─── EXERCISE DATA

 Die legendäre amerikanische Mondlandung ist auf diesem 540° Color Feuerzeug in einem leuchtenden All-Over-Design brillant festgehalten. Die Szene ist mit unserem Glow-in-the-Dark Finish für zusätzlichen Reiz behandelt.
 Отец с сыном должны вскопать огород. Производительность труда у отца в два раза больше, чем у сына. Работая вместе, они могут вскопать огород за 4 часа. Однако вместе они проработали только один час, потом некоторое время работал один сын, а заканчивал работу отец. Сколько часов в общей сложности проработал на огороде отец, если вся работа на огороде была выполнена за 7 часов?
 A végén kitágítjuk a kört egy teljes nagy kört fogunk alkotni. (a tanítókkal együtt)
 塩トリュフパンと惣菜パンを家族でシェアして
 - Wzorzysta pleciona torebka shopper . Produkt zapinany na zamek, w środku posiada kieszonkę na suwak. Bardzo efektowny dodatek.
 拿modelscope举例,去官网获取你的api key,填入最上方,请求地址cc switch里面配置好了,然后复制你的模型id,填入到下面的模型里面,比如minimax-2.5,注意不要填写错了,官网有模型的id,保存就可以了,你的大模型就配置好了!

──────
─── EXERCISE DATA

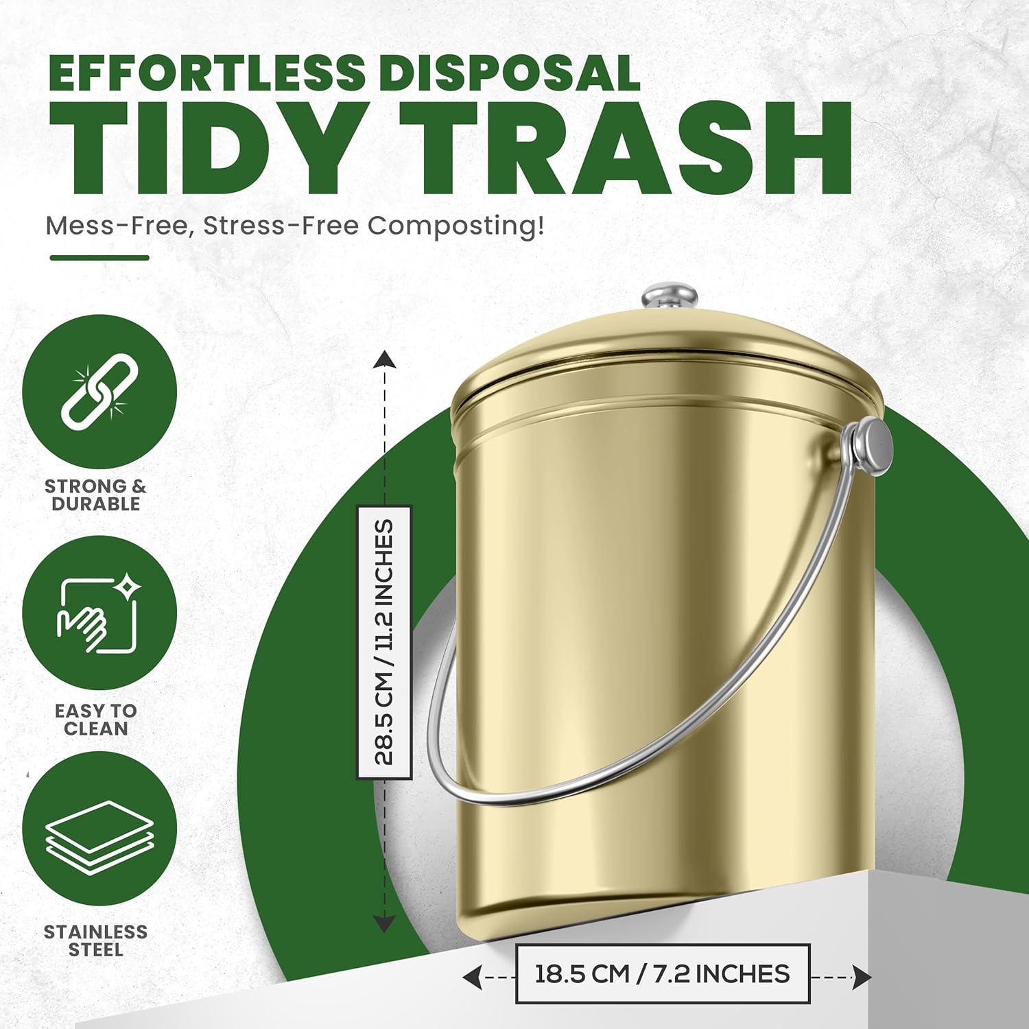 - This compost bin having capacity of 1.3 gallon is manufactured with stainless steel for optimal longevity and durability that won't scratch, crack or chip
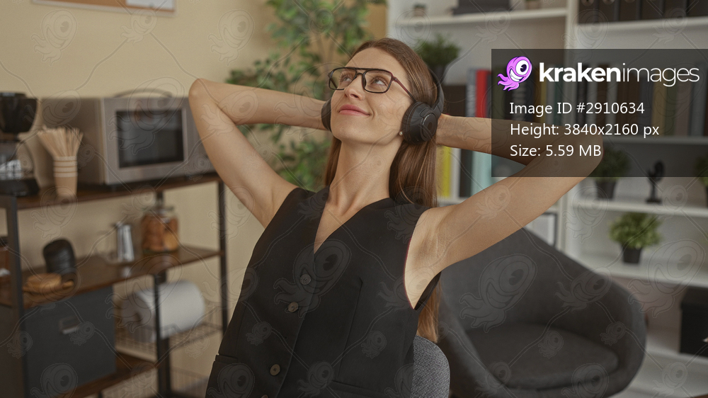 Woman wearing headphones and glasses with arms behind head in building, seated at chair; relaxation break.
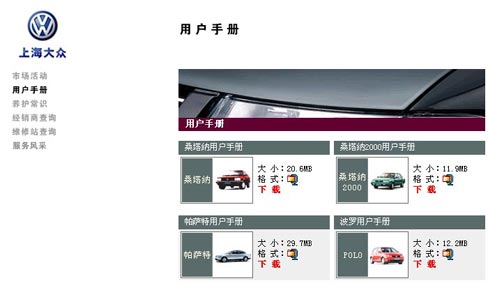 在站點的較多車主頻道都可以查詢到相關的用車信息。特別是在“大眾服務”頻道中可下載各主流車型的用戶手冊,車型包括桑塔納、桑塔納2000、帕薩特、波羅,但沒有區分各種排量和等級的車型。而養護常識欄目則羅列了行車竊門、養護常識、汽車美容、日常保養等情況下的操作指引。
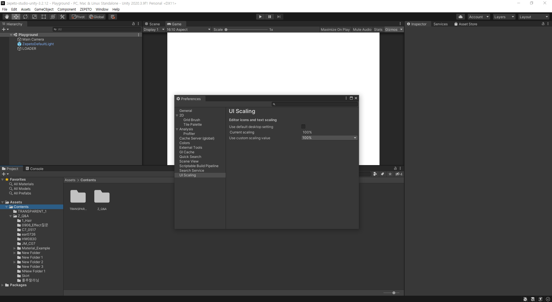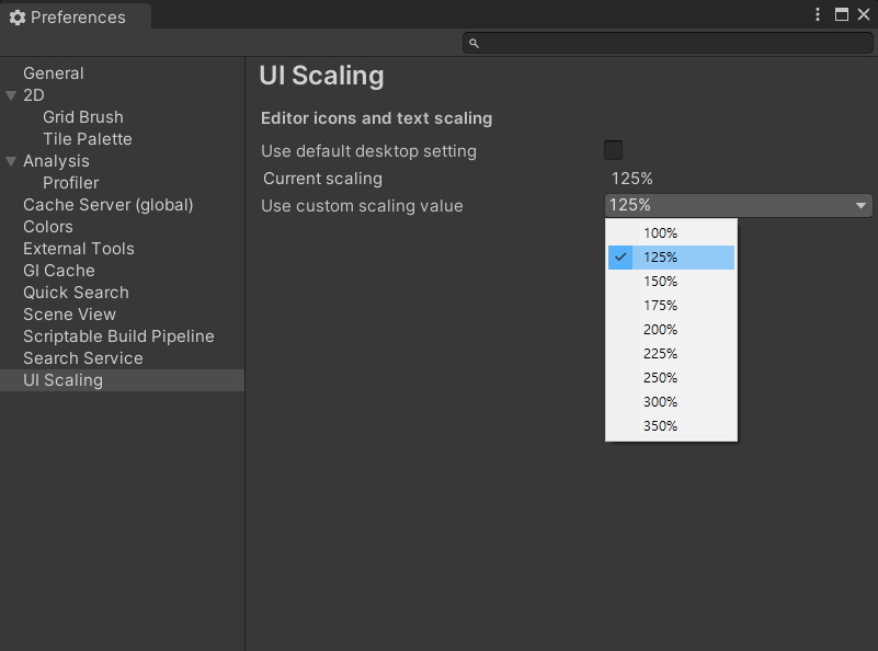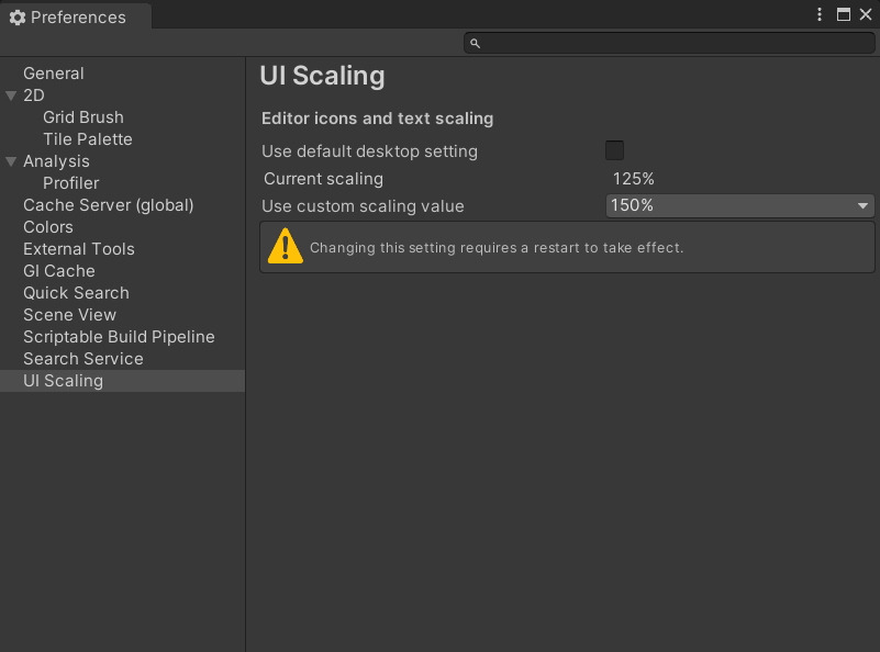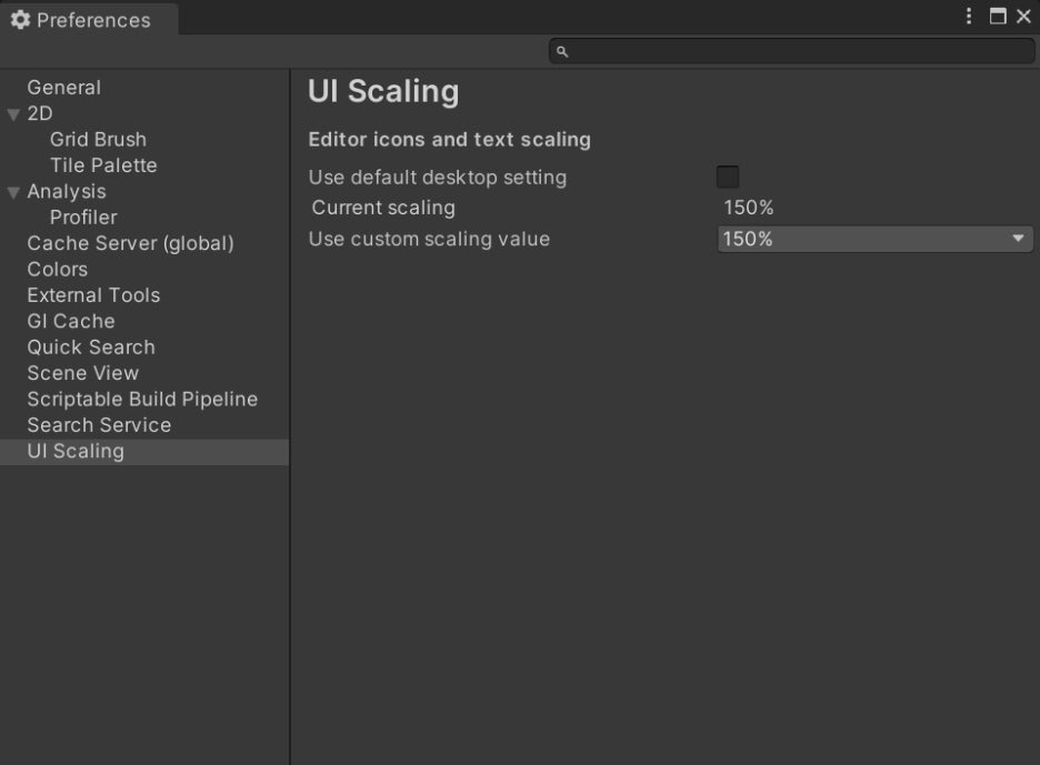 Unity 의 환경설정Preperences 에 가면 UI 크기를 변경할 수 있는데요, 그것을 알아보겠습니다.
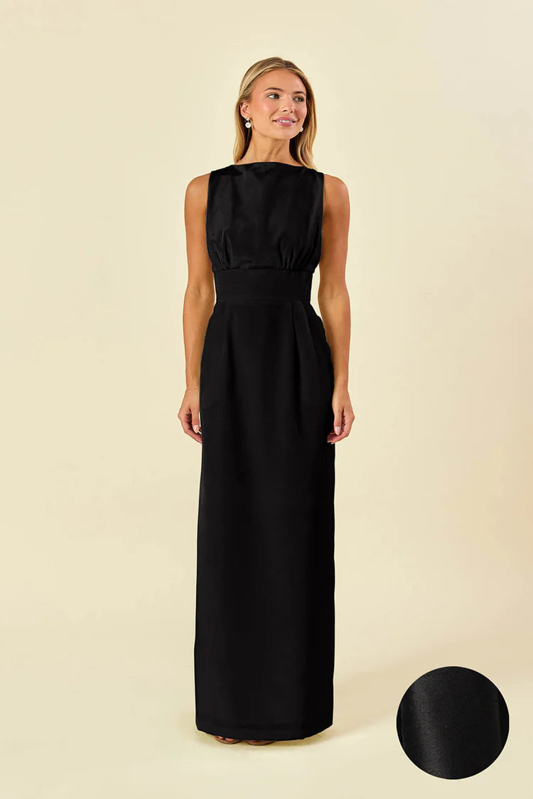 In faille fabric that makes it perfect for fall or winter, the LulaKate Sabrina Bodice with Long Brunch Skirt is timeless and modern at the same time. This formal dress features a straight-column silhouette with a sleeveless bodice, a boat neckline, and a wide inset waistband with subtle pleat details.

──────

_WORK TASK:_ A word-for-word reproduction is needed of the lines above from the line containing "在站點的較多車主頻道都可以查" through the line containing "In faille fabric", with both ends kept and no pictures.

_EXERCISE RESPONSE:_
 在站點的較多車主頻道都可以查詢到相關的用車信息。特別是在“大眾服務”頻道中可下載各主流車型的用戶手冊,車型包括桑塔納、桑塔納2000、帕薩特、波羅,但沒有區分各種排量和等級的車型。而養護常識欄目則羅列了行車竊門、養護常識、汽車美容、日常保養等情況下的操作指引。
 Unity 의 환경설정Preperences 에 가면 UI 크기를 변경할 수 있는데요, 그것을 알아보겠습니다.
 In faille fabric that makes it perfect for fall or winter, the LulaKate Sabrina Bodice with Long Brunch Skirt is timeless and modern at the same time. This formal dress features a straight-column silhouette with a sleeveless bodice, a boat neckline, and a wide inset waistband with subtle pleat details.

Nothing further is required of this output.